CCoonncclluussiioonn La prise en compte des plus récentes connaissances portant sur les PME nous amène à revoir les bases sur lesquelles, traditionnellement, les gouvernements ont fondé leurs interventions auprès des entreprises. Le constat est à l’effet que les interventions publiques demeurent encore trop souvent de type macro, prenant la situation des marchés comme base de leurs interventions. Ils peinent à se déplacer au niveau « micro », celui des entreprises, entraînant ainsi la création de programmes et de mesures trop standardisés et sans complémentarité véritable par rapport aux besoins spécifiques des entreprises, avec comme résultat un succès limité. Par ailleurs, les interventions gouvernementales de type macro

négligent la « qualité » de l’environnement des entreprises, facteur clé dans la compétitivité de celles-ci.
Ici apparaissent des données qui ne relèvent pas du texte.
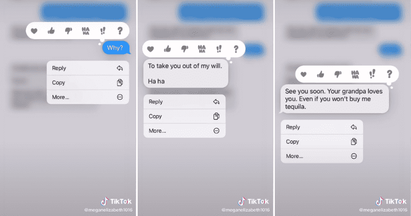 He always signed off the messages with "Love, Grandpa" and in case she forgot, always started the message by letting her know it was grandpa. Some habits are hard to shake off. "Hi Megan, this is your grandpa," he wrote again and continued, "I hope you aren't drinking a lot. I saw on the news that alcohol sales are sky-high because millennials are depressed. Love you always, grandpa." The messages are so blunt and straightforward with concern that it's absolutely heartwarming. Megan's response to her grandpa's concerns was also apt, as she thanked him for the information and assured him she was fine. There was also this gem:

Pour accroître l’efficacité de leurs interventions auprès des entreprises, les gouvernements devraient donc partir de la situation globale de l’entreprise elle-même et de ses capacités à innover et à croître. Il devrait travailler à créer un environnement stimulant et « informatif » en accélérant l’animation de son système d’innovation et en renforçant les interrelations avec chacun des acteurs de système. Finalement, est-il nécessaire de rappeler que c’est l’entrepreneur qui entreprend et les actions des pouvoirs publics ne doivent viser qu’à faciliter son travail.